Stored entries:
▼

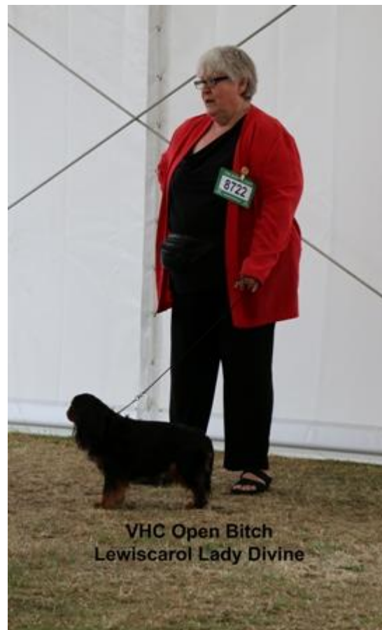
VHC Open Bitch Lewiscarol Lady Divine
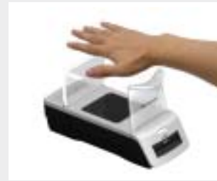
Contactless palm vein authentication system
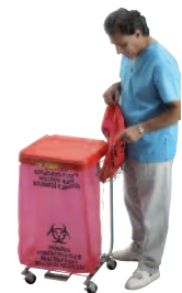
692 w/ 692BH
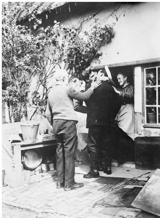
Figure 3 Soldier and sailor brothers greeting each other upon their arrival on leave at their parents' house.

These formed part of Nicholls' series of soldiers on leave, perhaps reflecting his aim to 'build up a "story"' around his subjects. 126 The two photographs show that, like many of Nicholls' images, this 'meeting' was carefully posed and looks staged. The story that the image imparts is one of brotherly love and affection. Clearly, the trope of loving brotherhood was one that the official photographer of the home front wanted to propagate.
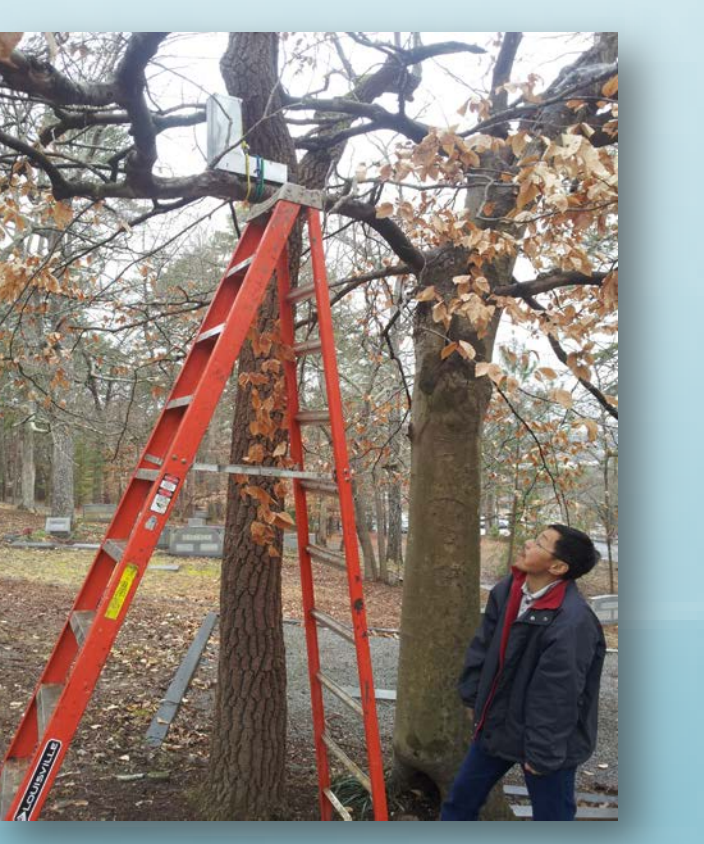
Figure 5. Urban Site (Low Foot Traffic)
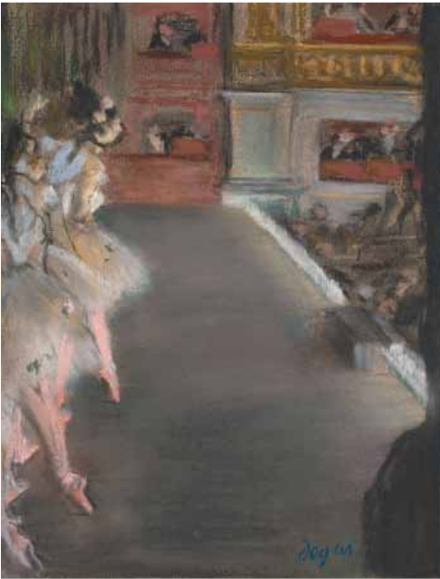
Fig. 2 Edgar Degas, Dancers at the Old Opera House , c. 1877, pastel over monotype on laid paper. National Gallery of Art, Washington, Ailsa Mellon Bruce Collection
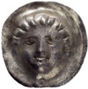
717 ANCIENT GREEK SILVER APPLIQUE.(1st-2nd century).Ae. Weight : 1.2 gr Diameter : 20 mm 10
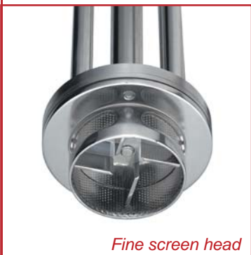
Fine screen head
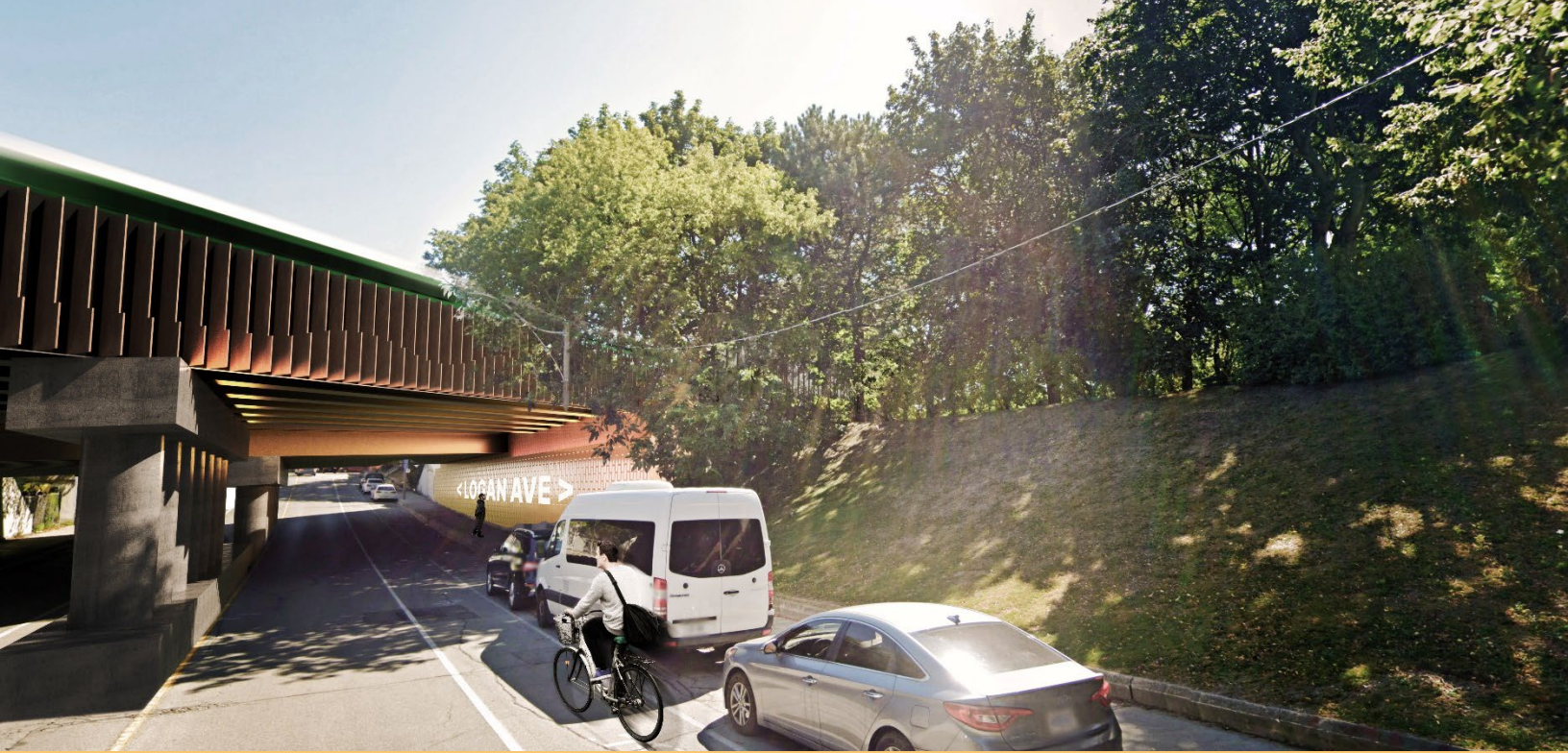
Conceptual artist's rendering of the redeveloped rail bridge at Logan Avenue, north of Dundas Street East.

▲

Copy out, without any pictures, the lines of the records above from the one containing "692 w/ 692BH" through the final line, both ends included.

Exercise solution:
692 w/ 692BH
Figure 3 Soldier and sailor brothers greeting each other upon their arrival on leave at their parents' house.

These formed part of Nicholls' series of soldiers on leave, perhaps reflecting his aim to 'build up a "story"' around his subjects. 126 The two photographs show that, like many of Nicholls' images, this 'meeting' was carefully posed and looks staged. The story that the image imparts is one of brotherly love and affection. Clearly, the trope of loving brotherhood was one that the official photographer of the home front wanted to propagate.
Figure 5. Urban Site (Low Foot Traffic)
Fig. 2 Edgar Degas, Dancers at the Old Opera House , c. 1877, pastel over monotype on laid paper. National Gallery of Art, Washington, Ailsa Mellon Bruce Collection
717 ANCIENT GREEK SILVER APPLIQUE.(1st-2nd century).Ae. Weight : 1.2 gr Diameter : 20 mm 10
Fine screen head
Conceptual artist's rendering of the redeveloped rail bridge at Logan Avenue, north of Dundas Street East.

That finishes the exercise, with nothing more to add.